● **THE TASK**
Exact duplicates of the lines from the top of the data through the line containing "Java brown outdoor" are needed, with every picture left out.

● **RAW DATA**

————————

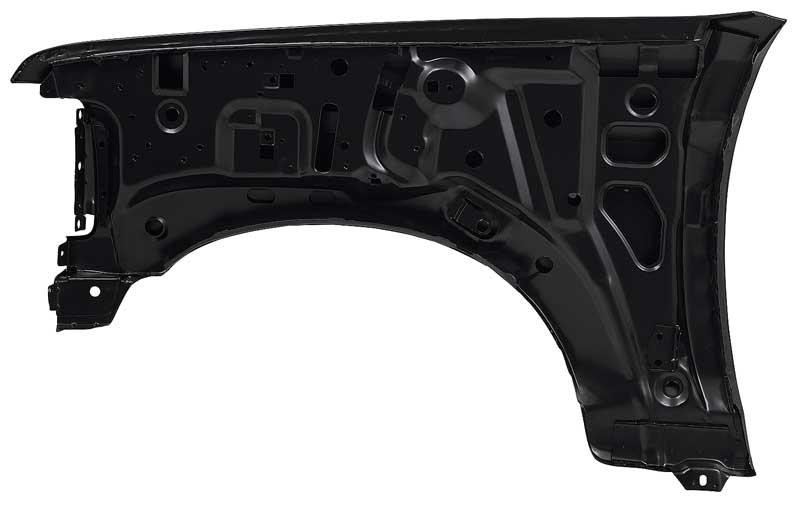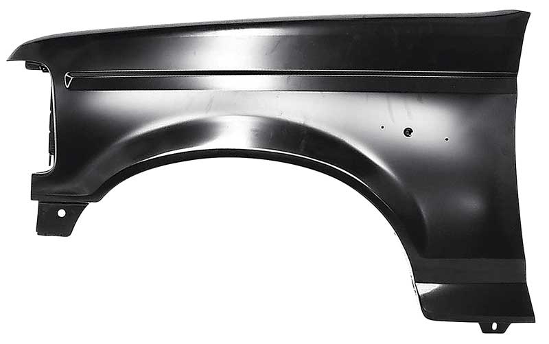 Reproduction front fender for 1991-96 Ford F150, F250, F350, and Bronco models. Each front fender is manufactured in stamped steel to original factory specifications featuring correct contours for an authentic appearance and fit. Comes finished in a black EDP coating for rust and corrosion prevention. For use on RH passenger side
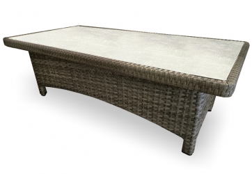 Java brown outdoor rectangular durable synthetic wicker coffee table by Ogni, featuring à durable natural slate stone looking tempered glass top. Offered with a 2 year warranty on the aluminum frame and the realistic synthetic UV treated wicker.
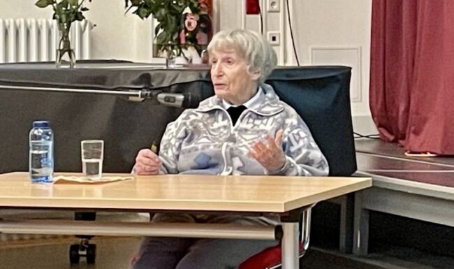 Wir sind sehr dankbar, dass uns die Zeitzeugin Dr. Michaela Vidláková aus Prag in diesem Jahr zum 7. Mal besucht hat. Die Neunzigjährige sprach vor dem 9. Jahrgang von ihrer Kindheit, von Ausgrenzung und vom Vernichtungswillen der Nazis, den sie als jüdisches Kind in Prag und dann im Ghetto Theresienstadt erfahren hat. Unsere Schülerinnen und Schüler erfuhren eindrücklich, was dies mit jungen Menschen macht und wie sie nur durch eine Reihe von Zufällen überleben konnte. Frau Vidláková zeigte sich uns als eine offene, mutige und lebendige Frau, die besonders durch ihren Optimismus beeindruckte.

————————

● **SOLUTION FOR THIS EXERCISE**
 Reproduction front fender for 1991-96 Ford F150, F250, F350, and Bronco models. Each front fender is manufactured in stamped steel to original factory specifications featuring correct contours for an authentic appearance and fit. Comes finished in a black EDP coating for rust and corrosion prevention. For use on RH passenger side
 Java brown outdoor rectangular durable synthetic wicker coffee table by Ogni, featuring à durable natural slate stone looking tempered glass top. Offered with a 2 year warranty on the aluminum frame and the realistic synthetic UV treated wicker.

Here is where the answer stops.